I have a theory about language acquisition that I've never had the time to fully explore, that developing an ear for a language is the critical first step.
To that end, my theory would be that a program of imitation & mimicry would be the most effective way to learn. That you would hear a native speaker say a phrase and attempt to fluently imitate it. Specifically, record your voice as you speak and listen to what you say and try to as perfectly as possible imitate the prototype phrase.
Learn vocabulary and grammar later; focus, like children do, on hearing the language and imitating its use. Learn reading and writing last of all; formal grammar and especially spelling are the pedals on the bike.
That's the Pimsleur method. They have you listen and repeat sentences. You listen to a conversation between native speakers and repeat after them to practice the sounds and get a "feel" for it. Speaking is a physical thing with muscle memory.
Maybe this has evolved, but the version of this I was exposed to was in the context of French, where you would play these "ecoutez et repetez" things and the class would say things out loud. Pimsleur has a most likely well-deserved reputation for language fluency training, but I would go a step further.
For me the critical thing is hearing the playback of your own voice and being able to learn to hear the difference. I've encountered this with professional mimics / celebrity impersonators -- the most important thing to do is to hear what your voice sounds like.
I think there's something to the hearing. Some of my friends speak other languages and I'll try to repeat something but apparently I'm speaking gibberish because my pronunciation is so bad, but I simply cannot hear the difference. I've heard comedians make this joke about English speakers trying to speak Chinese too.
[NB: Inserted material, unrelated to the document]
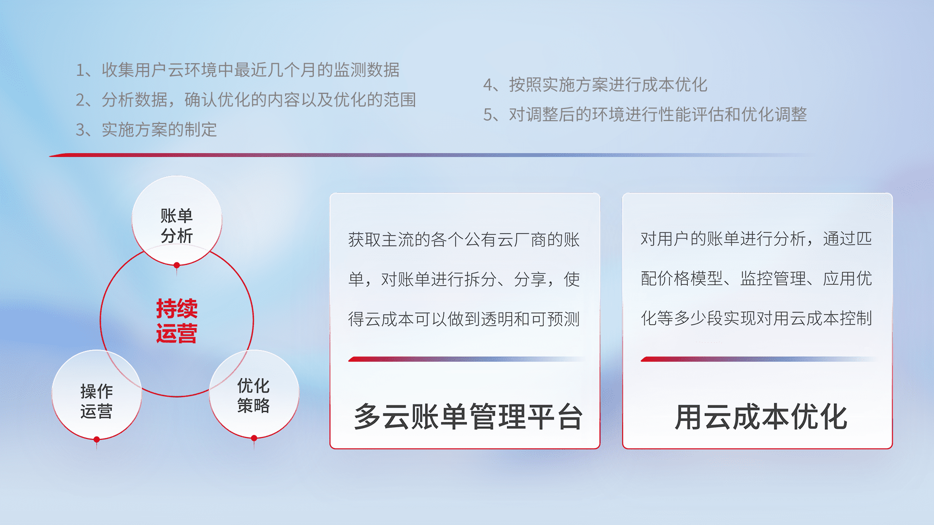 通过多云纳管,,,以统一的资源数据模型把客户的云资源进行抽象和封装,,,,进而实现对多云资源的统一操作,,,保障云资源管理的可靠性、、稳定性与可用性。。量身定制化运维内容,,,,配置、、开发运维、、、、补丁管理、、、、备份、、监控、、认证和访问管理、、、、审计和日常巡检等,,,,保障在用云过程中的可靠度,,稳定度以及高可用率。。。
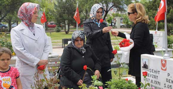En acı anneler gününü kutlayan şehit anneleri evlatlarını mezarlarını ziyaret etti.

I think there's a similar thing with faces. I knew some identical twins in school and at first I couldn't tell them apart, but after seeing them a bunch it became instant. I think it's similar with facial recognition of races we don't see often.
So yeah, something about repetition until you can spot the difference seems to be beneficial.
Checkout Learncraft Spanish. The step they take to simplify that others do not is that they focus knly on grammer for a very lokg time, and just use english verbs and nouns.
For example, at a certain point the only words you will have learned are que and lo, so the quiz sentances will be like :
I want you to eat it -> I want que lo you eat
This prpgram has been extremely useful to me and helped me learn spanosh far quicker than other methods. They also use memory palace techniques and have an unusually effective way of organizing vocab learning
Author of the piece here, I speak three languages (Norwegian, English, and Spanish) and am currently working on a fourth (Japanese).
"Taking the pedals off the bike" advice for language learning:
- Learn pronunciation first
A lot of people never master a native (or semi-native) accent, but if you sit down and figure it out, it's easier than it seems at first. Getting the native pronunciation down matters because otherwise you literally can't distinguish between certain words, and it will be a habit you'll never unlearn. It makes everything else easier. It also gives you massive cred with native speakers who will overlook your atrocious grammar and paltry vocab because "wow, you sound good! I'm impressed." It's taken both as a sign of respect and that you're putting in the effort, and makes you punch above your actual weight. This does wonders for confidence and makes you less shy about trying to learn by speaking & listening, which is crucial.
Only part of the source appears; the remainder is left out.